Problem to solve — Shown below are entries with pictures; the line with "台風9号の影響によりマンゴハウス全店舗、終日休業いたします。" through the line with "ห้องข่าวภาคเที่ยง - เรื่องราวผัว-เมีย" is the span to retype exactly, and the pictures stay out.

Data section —
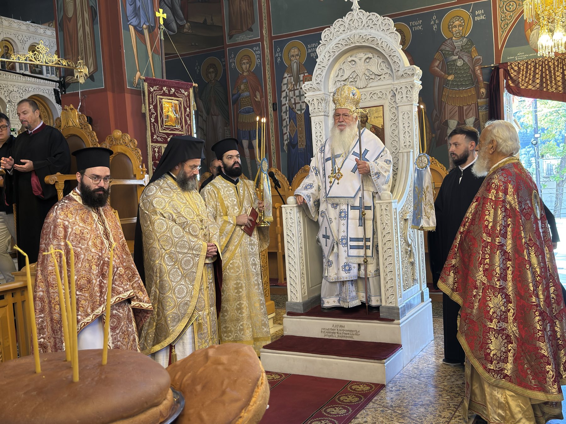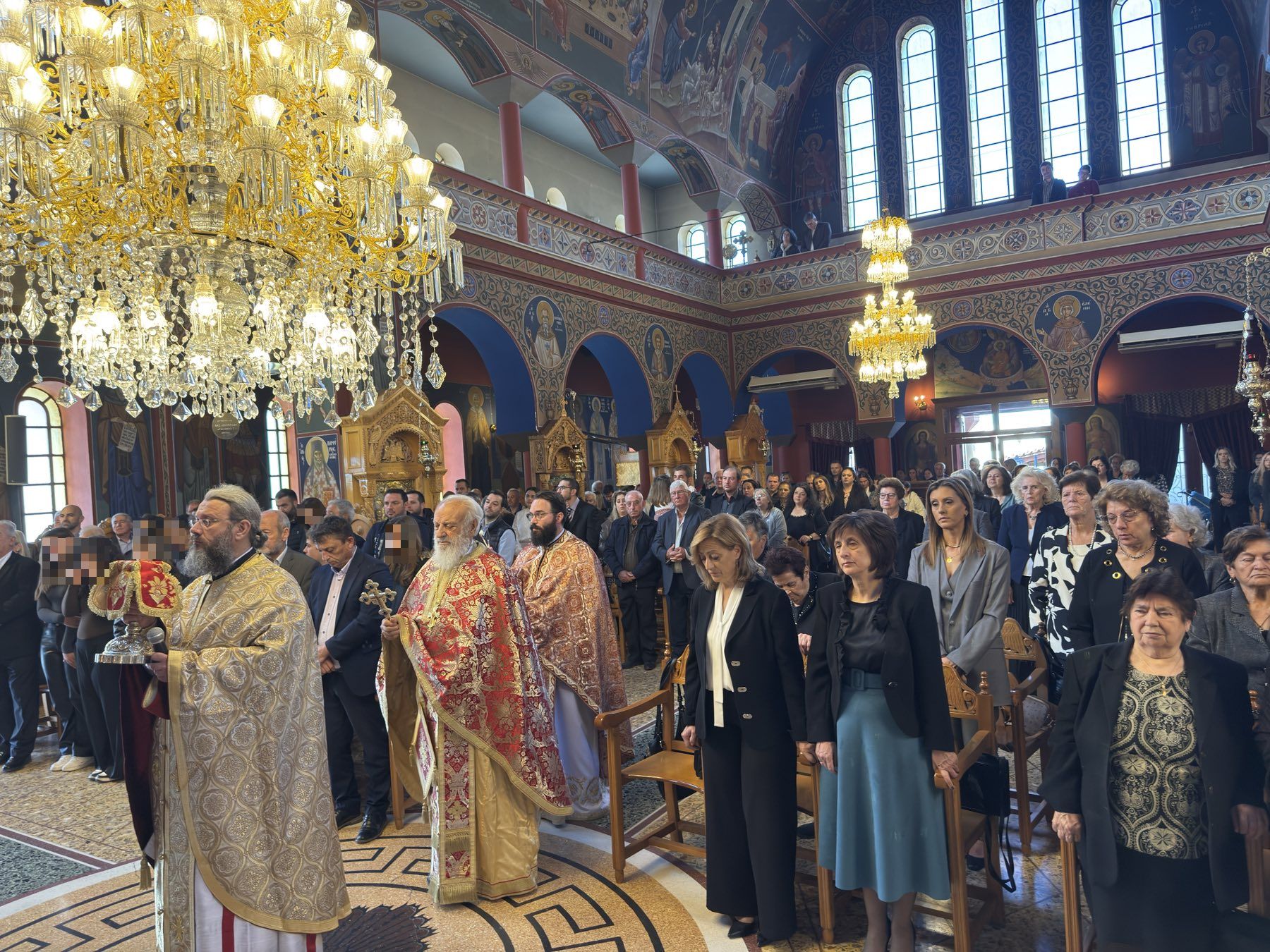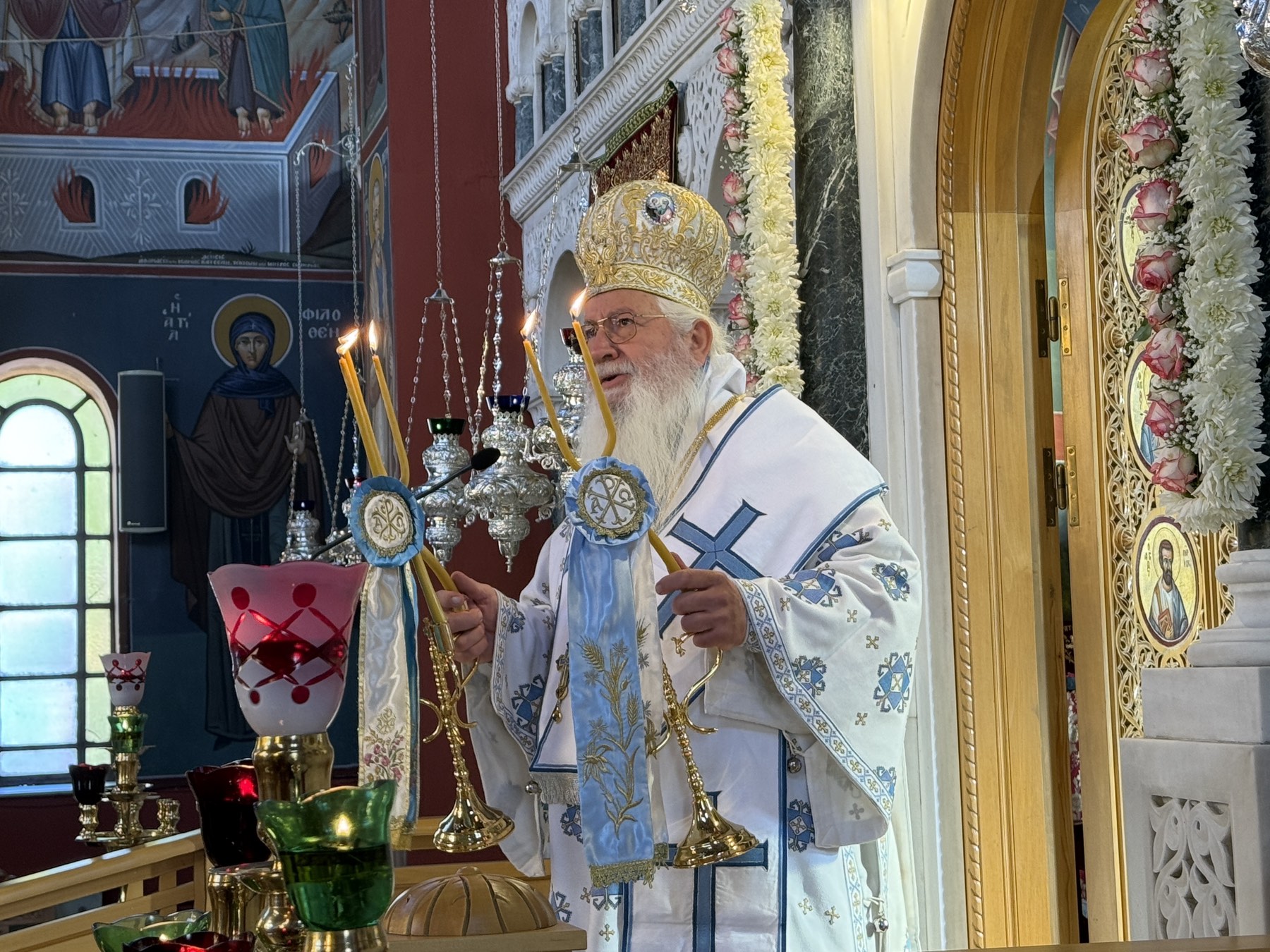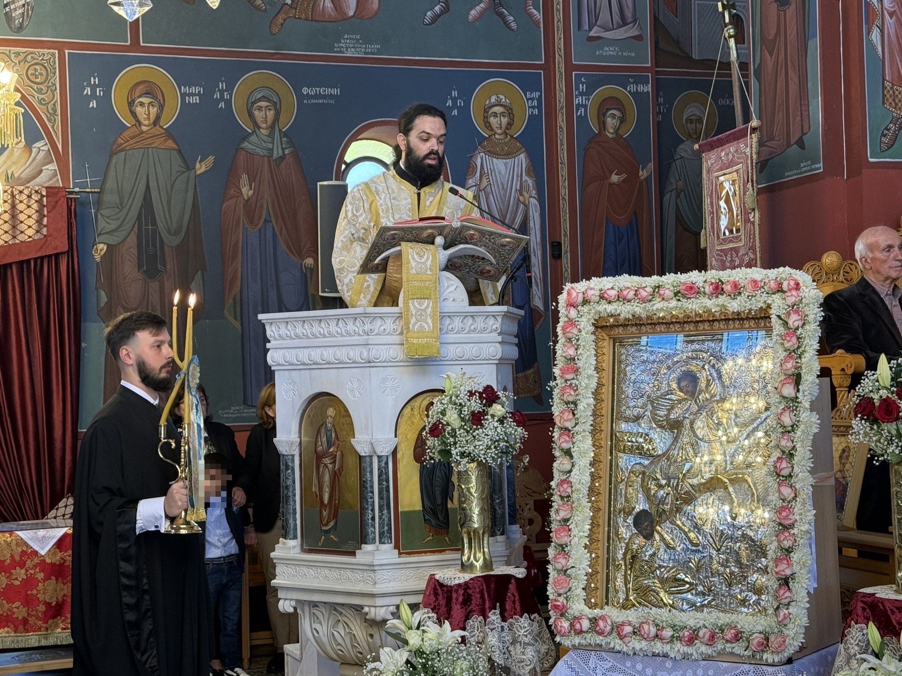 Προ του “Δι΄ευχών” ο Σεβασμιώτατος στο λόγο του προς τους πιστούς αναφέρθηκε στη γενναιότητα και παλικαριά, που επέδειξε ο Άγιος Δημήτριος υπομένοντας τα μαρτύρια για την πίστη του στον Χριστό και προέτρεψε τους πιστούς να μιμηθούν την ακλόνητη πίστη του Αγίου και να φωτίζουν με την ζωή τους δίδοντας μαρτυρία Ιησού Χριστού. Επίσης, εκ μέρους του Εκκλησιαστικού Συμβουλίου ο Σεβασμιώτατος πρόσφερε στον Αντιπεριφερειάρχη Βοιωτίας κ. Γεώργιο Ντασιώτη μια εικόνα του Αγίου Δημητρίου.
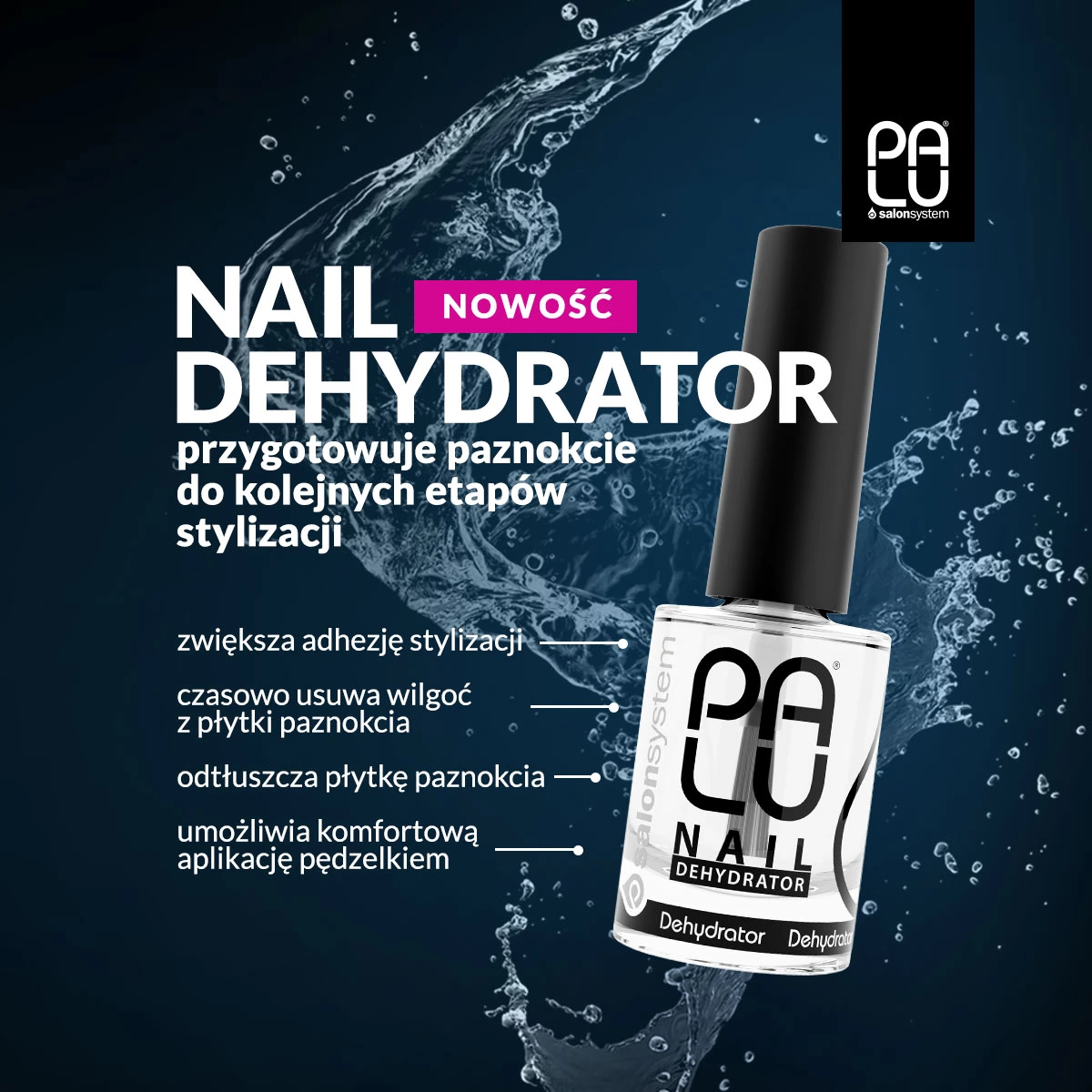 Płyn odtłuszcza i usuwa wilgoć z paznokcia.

==

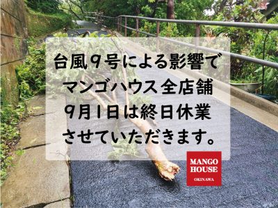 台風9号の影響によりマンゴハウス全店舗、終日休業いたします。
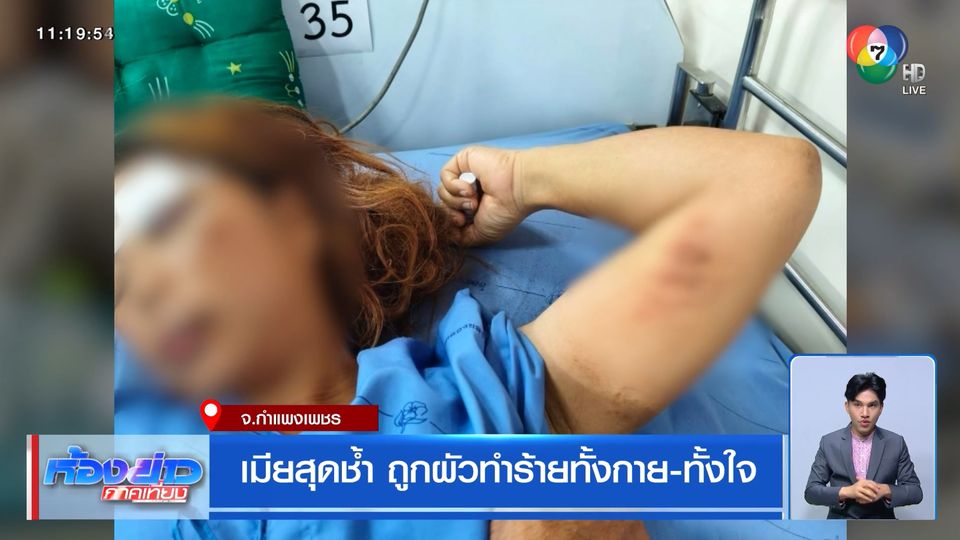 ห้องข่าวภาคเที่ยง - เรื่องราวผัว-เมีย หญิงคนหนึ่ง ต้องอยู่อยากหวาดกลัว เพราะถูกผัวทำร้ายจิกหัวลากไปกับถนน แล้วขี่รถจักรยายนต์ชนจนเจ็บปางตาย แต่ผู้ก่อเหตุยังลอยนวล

Response —
 台風9号の影響によりマンゴハウス全店舗、終日休業いたします。
 ห้องข่าวภาคเที่ยง - เรื่องราวผัว-เมีย หญิงคนหนึ่ง ต้องอยู่อยากหวาดกลัว เพราะถูกผัวทำร้ายจิกหัวลากไปกับถนน แล้วขี่รถจักรยายนต์ชนจนเจ็บปางตาย แต่ผู้ก่อเหตุยังลอยนวล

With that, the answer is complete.